In tetrahedron \(ABCO, \angle AOB = \angle AOC = \angle BOC = 90^\circ. \)A cube is inscribed in the tetrahedron so that one of its vertices is at \(O\), and the opposite vertex lies on face \(ABC\). Let \(a = OA,b = OB,\) and \(c = OC.\) Show that the side length of the cube is \(\frac{abc}{ab + ac + bc}.\)
Hints to help YOU to guide to a full solution:
(Notes about this diagram: I constructed \(Q\) and \(R\) to be midpoints of their sides.)
-\(\triangle QTR\) might be a helpful triangle.
- Similar triangles are the key.
-\(\triangle COA \sim \triangle QTR\) might be a helpful pair of similar triangles.
- In your help/solution please designate that $s$ is the side length of the cube.
P.S. I don't NECESSARILY want a full solution/proof. But if you have the time and passion to do so, feel free! But hints/help/guidance is preferred.

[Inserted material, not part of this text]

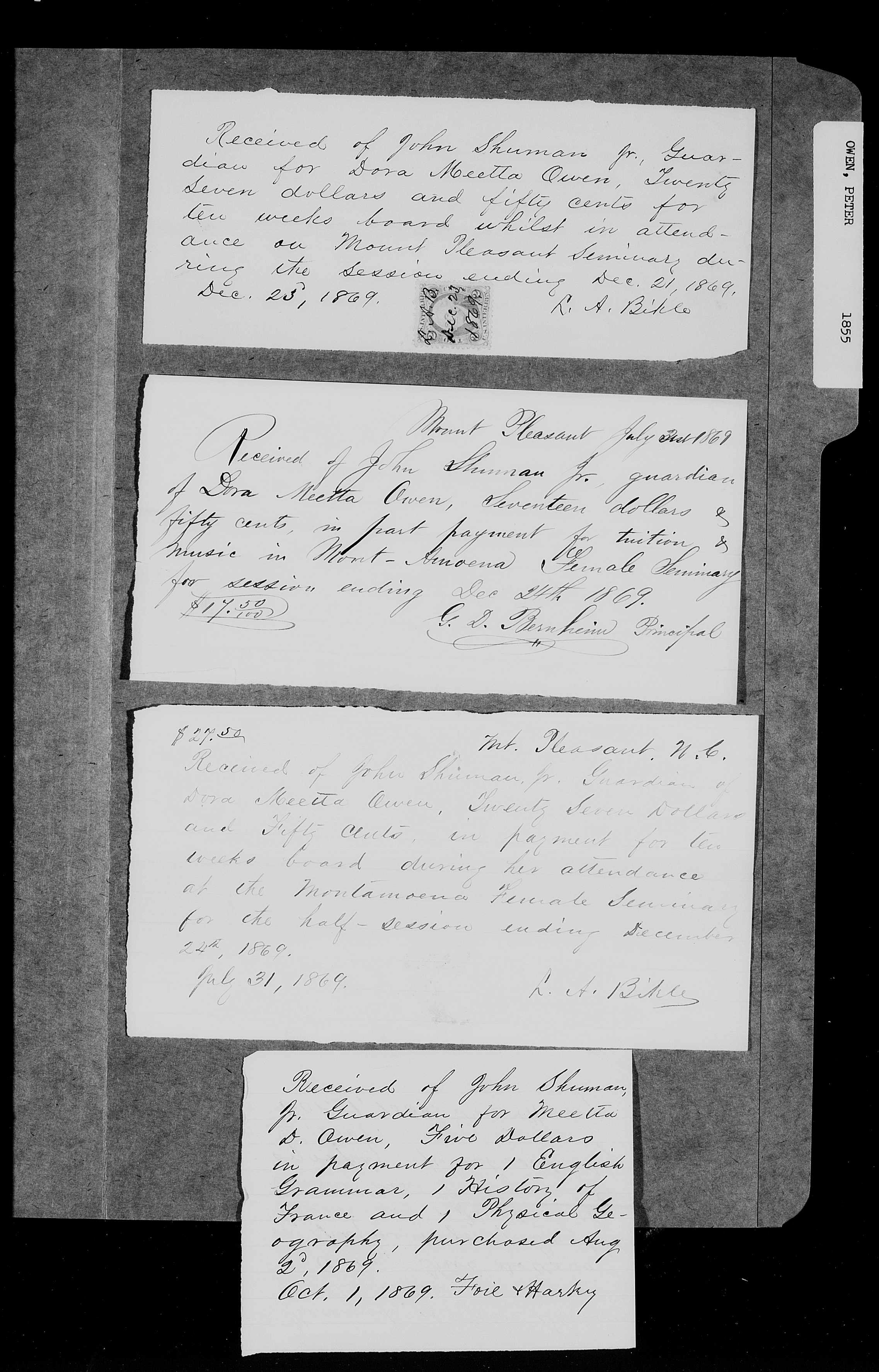 Receipts for attendance at Mont Amoena, July-December 1869. From the estate file of Peter Owen, father of Dora Meeta Owen. Her maternal grandfather, John Shuman, served as guardian. Received by G. D. Bernheim and L. A. Bickle. Estate Records: Rowan. Probate Estate Case Files 1663–1978, FamilySearch.org.

+397 Let O be the origin of a 3D co-ordinate system with OA, OB and OC lying along the Ox, Oy and Oz axes respectively.
The equation of the ABC plane will be
\(\displaystyle \frac{x}{a}+\frac{y}{b}+\frac{z}{c}=1.\)
If h is the side length of the cube, then the co-ordinates of the point on the cube furthest from the origin will be
(h, h, h), and this point is to lie on the plane, in which case
\(\displaystyle \frac{h}{a}+\frac{h}{b}+\frac{h}{c}=1,\)
so
\(\displaystyle h\left\{\frac{1}{a}+\frac{1}{b}+\frac{1}{c}\right\}=1 \\ \displaystyle h = \frac{abc}{ab+bc+ca}.\)
+397 I'll take you through an alternative method, but leave you to fill in the detail.
Referring to the diagram given in the question, start by drawing a line through C and the point of contact of the cube with the plane, (call that point D), onto its point of intersection with the line AB. Call that point E.
Draw a diagonal across the top face of the cube from OC to the point of contact with the plane. Call the point on OC, F.
You now have two (vertical) similar triangles, COE and within that the smaller CFD.
Let the side length of the cube be h and let k be the length of OE
You should then be able to use the similar triangles to show that
\(\displaystyle h = \frac{ck}{(c\sqrt{2}+k)}.\)
Moving on to the base triangle AOB, the angles AOE and BOE are both equal to 45 deg making it easy to write down the areas of the triangles AOE and BOE. (Area AOE = aksin(45)/2.)
Now say area AOB = area AOE + area BOE and you should be able to show that \(\displaystyle k= \frac{ab\sqrt2}{(a+b)}.\)
Finally, substitute that into the expression for h and tidy up.
Thank you so much for this answer and all the hard work you put into it!! It was life changing for me. I have been stuck on this problem for days and days. I have completed my work now and the weight has been lifted off my shoulders...THANKS AGAIN!!!
-Original poster :)